Вот сижу так, любопытничаю на свою персону. А за спиной моей что-то происходит: возня…снежный хруст…кашель такой… глубокий! И плеск. Эге, думаю, кого-то из корешей полощет. Ну, значит, не один я уцелел, и то хорошо. И оборачиваюсь себе спокойно. И никого не вижу, Макс. Снег и снег…


Вот когда меня пробрало по-настоящему. Я ведь решил, что умом пострадал от потрясения. Ведь глюки же слуховые! И затосковал… Да только не по-своему, а в полном бездействии! Есть о чём пожалеть, Макс. Жалею, что не встал проверить, руками бы потрогал, раз подвели глаза. Потому что там было… определённо было что-то, причём недалеко, в двух буквально шагах: стонало, охало, скрипело зубами, как от невыносимой боли.


Нет, не встал я тогда, струхнул. Хоть и не боюсь ни хрена в этой жизни.
А кореша мои тоже уже очухались, повскакали. Ко мне бегут… И с трассы, из попутных машин, на аварию люди сбегаются. И всё-то я слышу и вижу отлично. Значит, в себе. Повеселел даже немного. Но тут опять!.. Этот мой невидимка охнул и произнёс человеческим голосом:
– Господи! Мочи нет терпеть… Помоги или убей!


И выругался жалко и страшно. У меня был мороз по спине, хоть и так замёрз я голяком на снегу.
Такие дела, Макс… После того случая во мне что-то сдвинулось. Ледоход во мне и талые воды. В цирк вот хожу… на тебя чудака смотреть. Раньше б не пошёл.
Может, это кризис среднего возраста, как ты считаешь? Хотя, где тебе понять, ты же молоденький. Ах, какой ты молоденький, Макс! Завидую.
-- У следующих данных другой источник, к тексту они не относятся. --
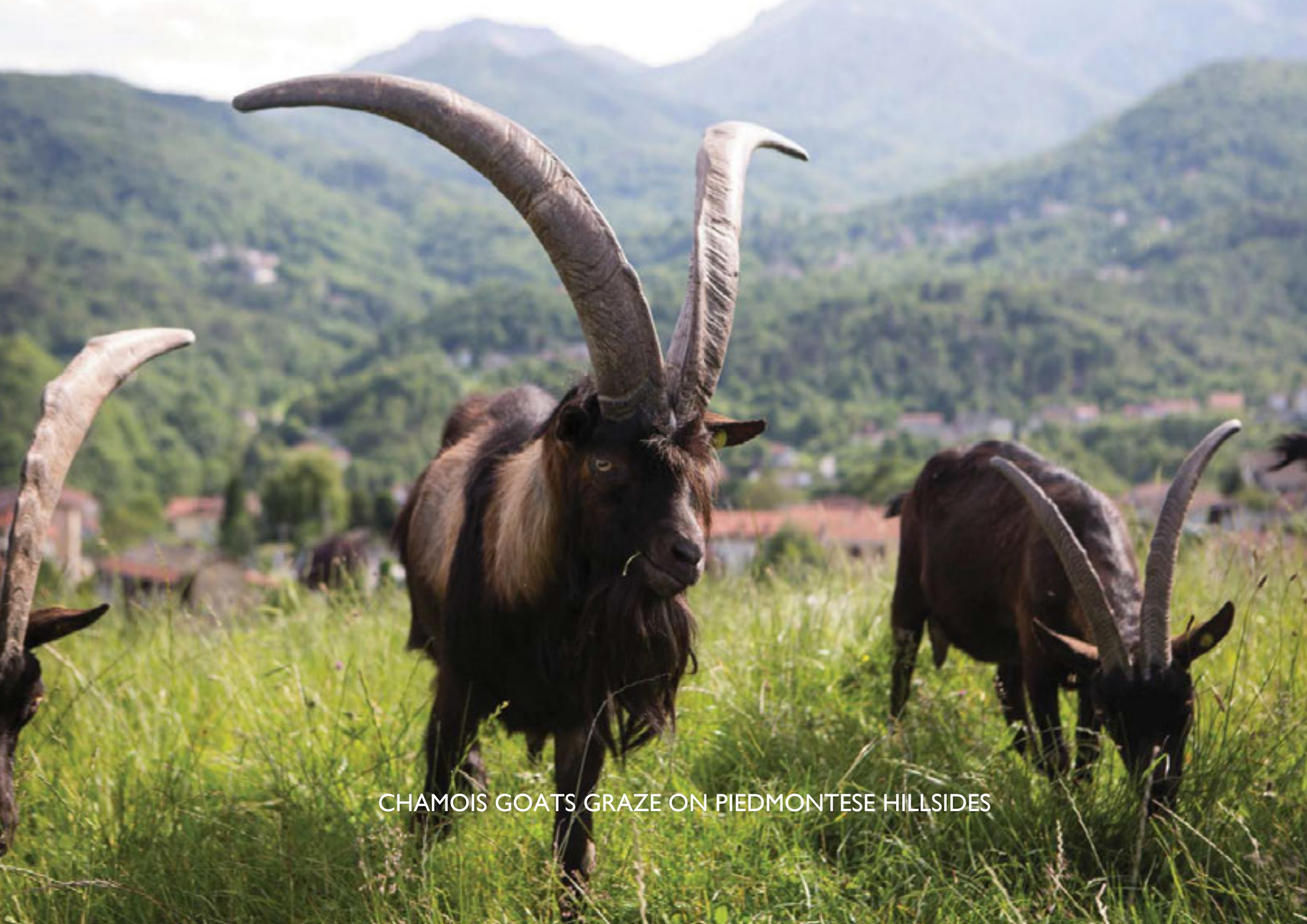
CHAMOIS GOATS GRAZE ON PIEDMONTESE HILLSIDES

…Макс взглянул на обладателя среднего возраста и целого города со всей экономикой и инфраструктурой. У обладателя нынче были особенно страдальческие глаза. И сочувствуя чуждому страданию, он скроил на лице шутовскую, дурашливую харю. Это всегда действовало безотказно.

 Когда сотрапезник развеселился, шут сказал, как ему и положено, нечто совсем неглупое:
– Ты, Костя, баланс потерял. Это наш цирковой термин, но он и для жизни сойдёт. Утратить равновесие можно двумя способами: либо изнутри, либо извне. У тебя, насколько я понял, второй случай, и он проще. Ну-ка, ответь как на духу: хотел бы ты вернуться к себе прежнему?


Тот, кого он назвал Костей, крупный и плотный – ражий! – мужчина лет тридцати пяти надолго задумался, словно решая конкретную задачу. Потом медленно, задумчиво покачал головой:
– Пожалуй, нет… – и повторил уже твёрдо:         
– Нет. Я богаче стал. Не как прежде, а по-другому, ну да ты понял! 
– Понял, – серьёзно кивнул Макс. – Это хорошо.


– Хорошо или плохо, не знаю, – улыбнулся Костя, – зато знаю наверняка: я этой жизнью обязан одной престранной твари… Той самой, что копошилась в снегу, матерясь и рыдая. А голосок у этой твари… запоминающийся такой басок... точь-в-точь как у тебя! Он бесовски загоготал, подхватив обескураженного гостя, потащил вон из кабинета, свистя и разоряясь на весь ресторан:
– По коням! Дай дороги – по коням!


Вскоре новенькие сверхмощные «кони» уносили их в ночь…
- С Костей ясно, быть ему целителем, – думал Максим, выжимая газ, – перебесится парень, определится и возьмётся за дело. Уедет, конечно, они все уезжают. Что ж, разумно: старые связи тянут назад, а к прошлому нет возврата!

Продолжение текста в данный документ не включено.